Что Марлийс знала о горностаях? Ровным счетом ничего. Всю жизнь провела она на мягких подушках, прислушивалась к шорохам, гонялась за бабочками, охотилась на мышей или выслеживала птичек, то есть следовала кошачьим замашкам, скорее из любопытства, чем по нужде. Неизвестно даже, смогла бы она отличить крысу от горностая. Однако неожиданное столкновение с хищником показало, что пускать в ход свои ужасные когти умеют и домашние ласковые киски.

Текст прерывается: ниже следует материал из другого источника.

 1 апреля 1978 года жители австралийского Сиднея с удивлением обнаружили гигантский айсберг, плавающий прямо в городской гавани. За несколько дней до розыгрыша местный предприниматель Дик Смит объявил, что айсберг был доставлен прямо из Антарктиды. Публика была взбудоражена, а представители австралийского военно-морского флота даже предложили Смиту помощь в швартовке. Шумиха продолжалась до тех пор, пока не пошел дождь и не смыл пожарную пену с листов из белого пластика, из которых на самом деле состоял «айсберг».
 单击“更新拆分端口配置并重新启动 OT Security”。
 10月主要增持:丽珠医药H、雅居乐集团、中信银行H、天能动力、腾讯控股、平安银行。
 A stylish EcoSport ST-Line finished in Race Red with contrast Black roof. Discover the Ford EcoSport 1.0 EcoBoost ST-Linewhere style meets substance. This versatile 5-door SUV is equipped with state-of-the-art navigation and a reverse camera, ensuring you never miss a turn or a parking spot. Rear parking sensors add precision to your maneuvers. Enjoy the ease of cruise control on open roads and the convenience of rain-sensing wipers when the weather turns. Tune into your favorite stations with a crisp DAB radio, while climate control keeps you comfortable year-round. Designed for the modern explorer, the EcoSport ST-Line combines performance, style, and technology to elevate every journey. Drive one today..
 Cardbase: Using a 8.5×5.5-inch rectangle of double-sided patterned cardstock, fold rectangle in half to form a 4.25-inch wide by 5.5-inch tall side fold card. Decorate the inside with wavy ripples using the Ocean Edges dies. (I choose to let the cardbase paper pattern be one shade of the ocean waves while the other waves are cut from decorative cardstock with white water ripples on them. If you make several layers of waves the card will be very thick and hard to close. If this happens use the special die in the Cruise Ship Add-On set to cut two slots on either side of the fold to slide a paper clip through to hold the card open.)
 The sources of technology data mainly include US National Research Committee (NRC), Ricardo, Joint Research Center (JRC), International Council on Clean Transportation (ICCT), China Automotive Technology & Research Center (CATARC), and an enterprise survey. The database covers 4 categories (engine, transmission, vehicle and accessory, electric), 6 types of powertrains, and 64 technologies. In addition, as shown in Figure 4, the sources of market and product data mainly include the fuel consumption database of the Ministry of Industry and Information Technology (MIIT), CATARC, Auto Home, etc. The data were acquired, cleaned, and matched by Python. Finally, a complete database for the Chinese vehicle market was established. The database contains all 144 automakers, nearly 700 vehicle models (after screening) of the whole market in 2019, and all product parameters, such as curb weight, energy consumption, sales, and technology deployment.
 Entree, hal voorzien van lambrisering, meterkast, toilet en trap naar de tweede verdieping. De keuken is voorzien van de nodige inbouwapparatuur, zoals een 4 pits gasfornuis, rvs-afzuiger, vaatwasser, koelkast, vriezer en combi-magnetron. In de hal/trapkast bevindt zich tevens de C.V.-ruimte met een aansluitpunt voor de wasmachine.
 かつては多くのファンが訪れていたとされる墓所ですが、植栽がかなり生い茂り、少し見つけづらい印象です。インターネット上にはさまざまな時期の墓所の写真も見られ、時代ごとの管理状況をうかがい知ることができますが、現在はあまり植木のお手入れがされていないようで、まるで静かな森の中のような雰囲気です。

Клок кошачьей шерсти во рту мешал горностаихе. Разжав челюсти, она метнулась в сторону, бросилась к щели и скрылась под полом. Марлийс тоже пустилась прочь. Схватка закончилась вничью.
Сгоряча, еще не придя в себя, Марлийс вскочила на полку возле чердачной стены и опрокинула какую-то банку. Банка грохнулась на стоявшие в ряд внутренние рамы, которые выставили из окон и определили сюда на летнюю квартиру, и, падая вниз, угодила в стекло, со звоном разлетевшееся на мелкие кусочки. Этот шум еще сильнее испугал бедную кошку, она сиганула на пол и, мелькнув белым боком, исчезла в дальнем углу.
СМЯТЕНИЕ
Дикие вопли переполошили весь дом. Маленькая Маарья выбралась из своей кроватки и побежала к маме, которая, спешно накинув на себя халат, начала причитать:
— Мне приснился ужасный сон, будто эти поганые хорьки пристально смотрят на нас из каждого угла и норовят забраться к детям в постель. Меня и сейчас дрожь бьет!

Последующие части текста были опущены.